Russia said on Thursday it was facilitating the export of grain and oilseeds from Ukraine through Russian-held transit points on the Azov Sea, without explaining who was providing the foodstuffs for export.
Ukraine, like Russia one of the world’s biggest exporters of grains and oilseeds, has accused Russia of stealing grain from territories in Ukraine that its forces have seized.
Russian Deputy Prime Minister Viktoria Abramchenko rejected the allegation in an interview with Reuters, saying: “Russia does not ship grains from Ukraine.”
She continued: “Russia is securing a ‘green corridor’ for grains and any other foodstuff such as oilseeds … so it can be exported from Ukraine without hurdles. Melitopol or Berdiansk.”
Ukraine’s inability to use its major deep-sea port, Odesa, because of Russia’s military incursion has led to a jump in global food prices and warnings by the United Nations of hunger in poorer countries that rely heavily on imported grain.
Abramchenko restated Russia’s line that it is for Ukraine to open sea-lanes to Odesa that have been mined.
Each side accuses the other of laying the mines to obstruct access to the port, which Ukraine fears that Russia may try to seize with an attack from the sea.
“We cannot provide a green corridor for Odesa as Ukraine has done everything for this port not to work,” Abramchenko said.
Ukraine’s exports have fallen sharply this year as it tries to move foodstuffs by cumbersome road, river and rail routes.
Kyiv has said its grain harvest is likely to drop to around 48.5 million tonnes this year from 86 million tonnes because of Russia’s incursion, which President Vladimir Putin sought to justify in part by saying Ukraine was part of the Russian cultural sphere and should not be a separate state.
The deputy premier, Russia’s top official for climate and agriculture, said Russia expected to harvest around 130 million tonnes of grain in 2023, on a par with this year. She said the government had no plans to amend its grain export duty, which she said had been set to protect the domestic market.
Russia, which competes mainly with the European Union and Ukraine to supply wheat to the Middle East and Africa, has been limiting its exports since 2021 with taxes and an export quota as part of efforts to slow domestic food inflation.
Abramchenko said it had secured seed supplies from 11 countries including Serbia, Turkey, Israel and Egypt, which have not joined the Western sanctions, as it seeks to protect its food security.
She also said Russia would have to delay implementation of some climate-related projects due to restrictions on imports of foreign equipment, but would stay in the Paris climate accord.
Before the recent sanctions, Russia planned to be carbon-neutral by 2060 at the latest, and was testing the concept by trying to make its fossil-fuel rich Pacific island of Sakhalin carbon-neutral by 2025.
Abramchenko said Moscow would have to postpone some green energy projects by two years.

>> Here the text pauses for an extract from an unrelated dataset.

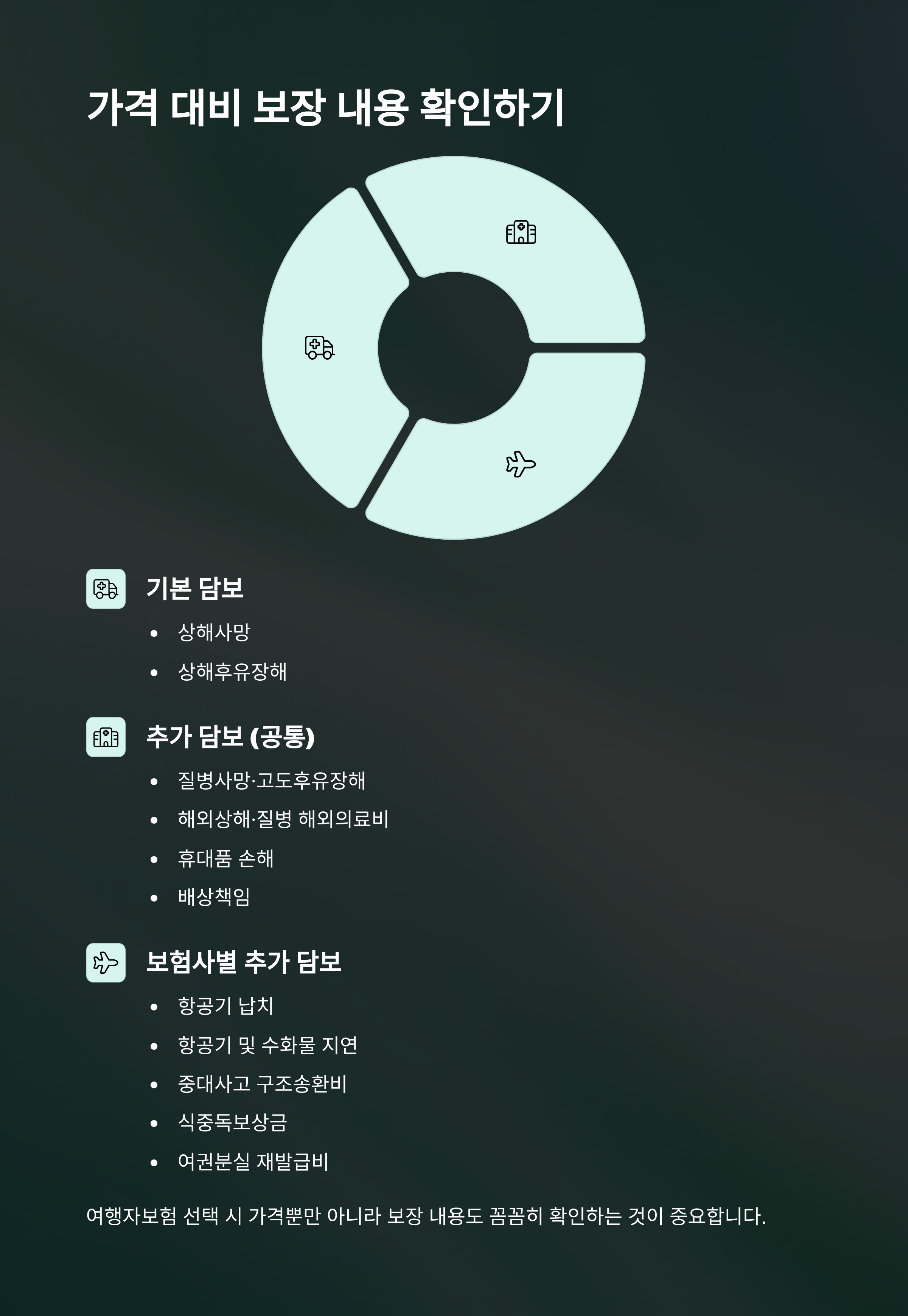- 휴대품 손해, 항공 지연 등 추가 보장 여부 체크

“Russia is deeply integrated into the global economy and there are some types of equipment, technology that Russia did not have; we imported it,” she said. “America and Europe said they would not trade with us – we need time to diversify.”
A pilot project to start trading carbon emissions on Sakhalin will nevertheless launch this year as planned, Abramchenko said. Russia’s method of accounting for carbon emissions is not in line with the Paris agreement, however.